Paylaş
ALTI yıl geçti... Barış Selçuk, Hande Mumcu, Salih Peker ve şoförleri Ali Er'i 1994'ün 5 Ağustos günü yitirmiştik.
Zaman su gibi akıyor.
Ama sevilenler asla unutulmuyor.
Barış, sanki omzuma doğru eğilip yine fısıldayacak:
- Baba İsmet, bırak şu çalışmayı da şu evladına yol göster; Hande ile evlenmeye karar verdik, ne dersin? Yaptığımız doğru bir iş mi baba?
İlahi Barış!
Yaşım ilerledi, saçlarıma aklar düştü. Ancak felsefemi biliyorsun: ‘‘Aşk zaten doğruya varıştır.’’ Tutku yolundan sapma evlat! Sev ve mutluluğa koş!
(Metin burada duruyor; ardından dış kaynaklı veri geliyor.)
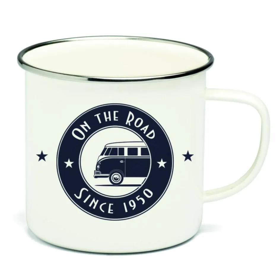 Großer Becher mit 400 ml Volumen. Du kannst den Becher dank der Emaille–Beschichtung leicht reinigen. Bruchsicher ist er ebenfalls. Ein tolles Geschenk für sich selbst oder für alle Bulli-Liebhaber!
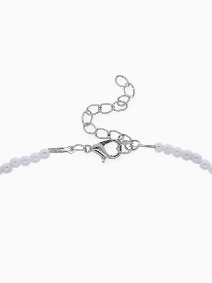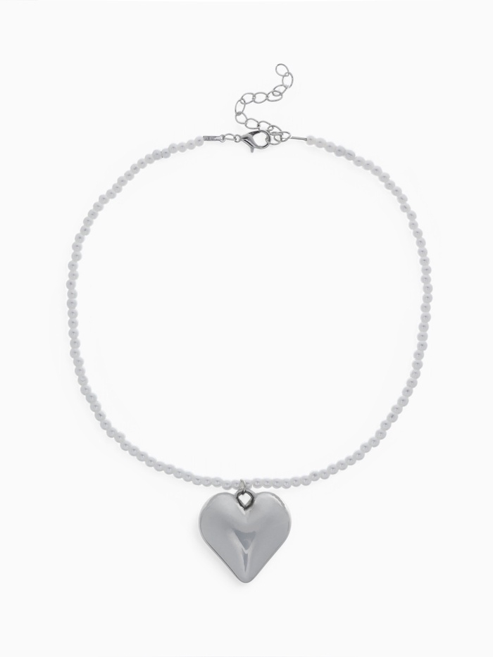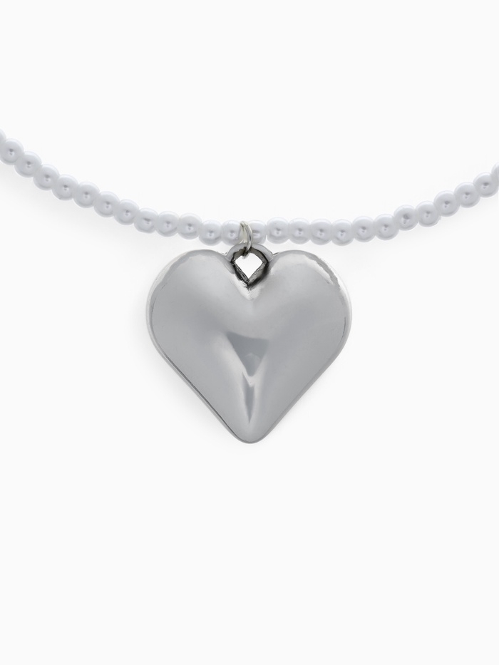 Кулон жемчуг « Сердце» бусина №4, серебряно-белый в серебре, 30 см

Hande nasıl? Salih ve Ali'yi de çok özledik. Selamlarımı ilet!
* * *
Barış'ın bir de oyun arkadaşı vardı. Ağabeyinin kızı, Pınar.
Barış'a sürekli yazıyor. Bu yılki mektubu yeni elime geçti. Okuyalım:
‘‘Gittin... Tam altı yıl geçti sensiz, Amca.
Yaşamın kıyısından, dünyaya boş gözlerle baktığımız anlar gibi, kahkahalar atarak yakaladığımız sevincin bir dakikaya sığması gibi ansızın gittin.
Şu an radyoda en sevdiğin şarkı çalıyor. MFÖ, 'Güllerin içinden' diyor.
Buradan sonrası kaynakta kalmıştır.